Germany and the far right of the political spectrum do not historically mix.

So why is it that a party of the far right (granted, one not nearly as radical or hate-filled as the Nazi Party was) is picking up steam in the largest and most powerful European Union country?

In recent weeks, the Alternative for Germany (AFD) has achieved regional representation in eight German states.
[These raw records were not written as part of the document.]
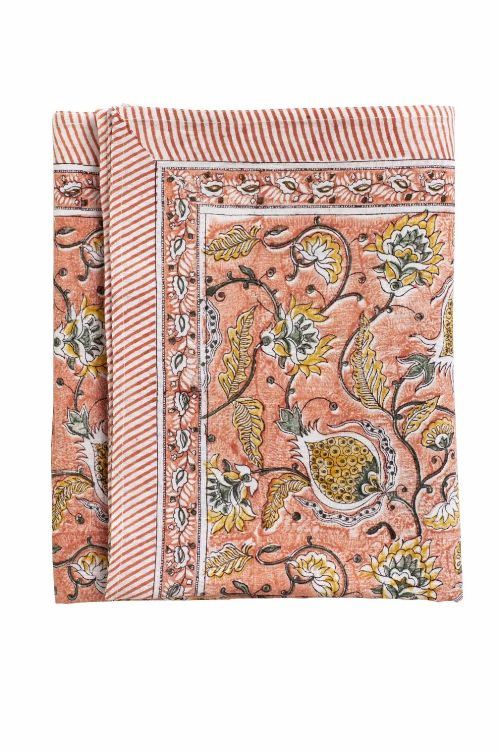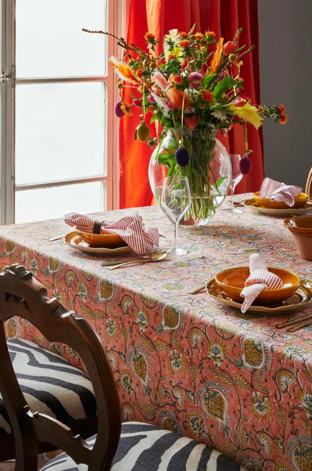 Eksklusiv hørdug fra brandet Chamois med et elegant og eksotisk mønster. Mønstret er trykt i hånden i traditionel indisk blokprintteknik. Et unikt håndværk som giver dugen et levende og dekorativt udtryk.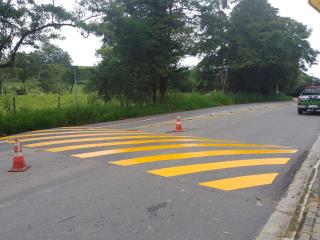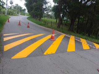 No final de semana, foram realizadas pintura dos redutores de velocidade (lombadas) da Estrada Municipal Prof.ª Olívia Alegri, que recebeu obras de melhorias, com a construção de uma ciclovia, recentemente. Em breve, a estrada receberá pintura também no eixo central.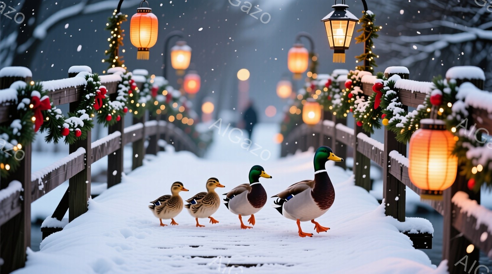雪に覆われた橋の上を、アヒルの親子が歩いている様子が描かれています。橋はクリスマス装飾で飾られ、赤いランタンと緑のリースが冬の雰囲気を高めています。雪が舞い散る中、アヒルの親子は落ち着いた様子で一列に並び、温かい光に照らされています。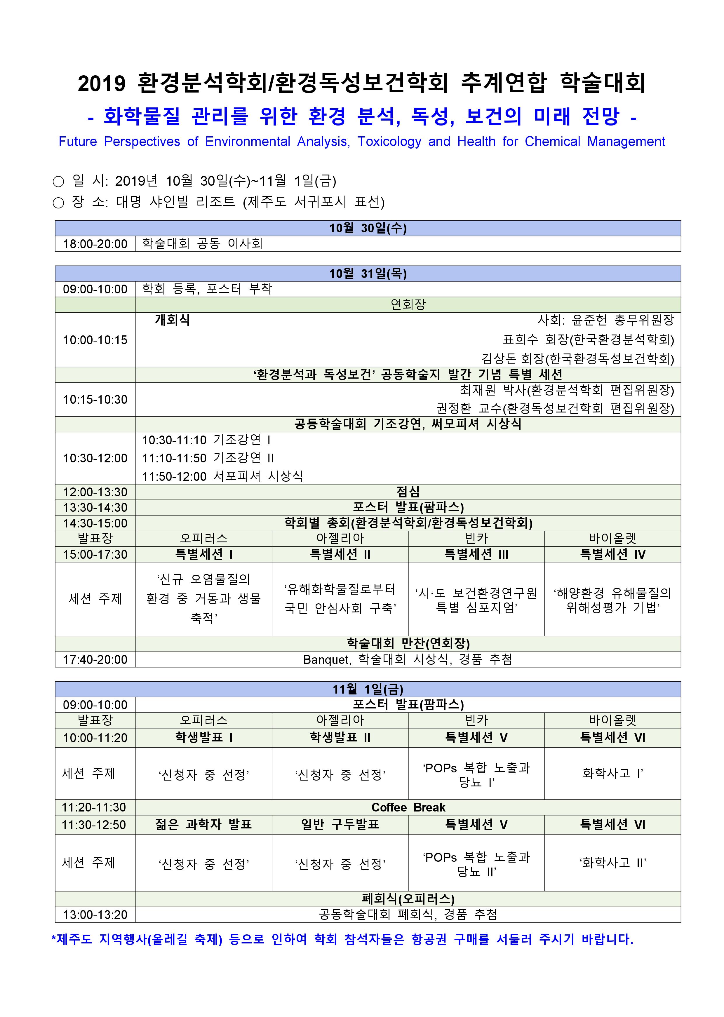 2019년도 환경독성보건학회/환경분석학회 2019년 추계학술대회가

There are 16 German states in total.

AFD is a far right populist party in a similar vein as the National Front in France and UKIP in the United Kingdom.

The ragtag party has managed to bite at the heels of the ruling Christian Democrats (CDU), and appears to be gaining popularity across the country.

This is largely due to the anti immigration platform of the party in response to Chancellor Angela Merkel‘s policies on resettling refugees, primarily from Syria.

AFD has a unique opportunity for swift gains due to its novel position on the political spectrum.

A pro right wing backlash has been felt across the West, be it the Tea Party or Euroskeptics, but AFD has been making attempts at separating itself from the most extreme elements of German political life.

On the party’s official site, AFD disowns the support of NPD, a far right party infamous for its ties strong association with Nazis in both a fashion sense and in antisemitism.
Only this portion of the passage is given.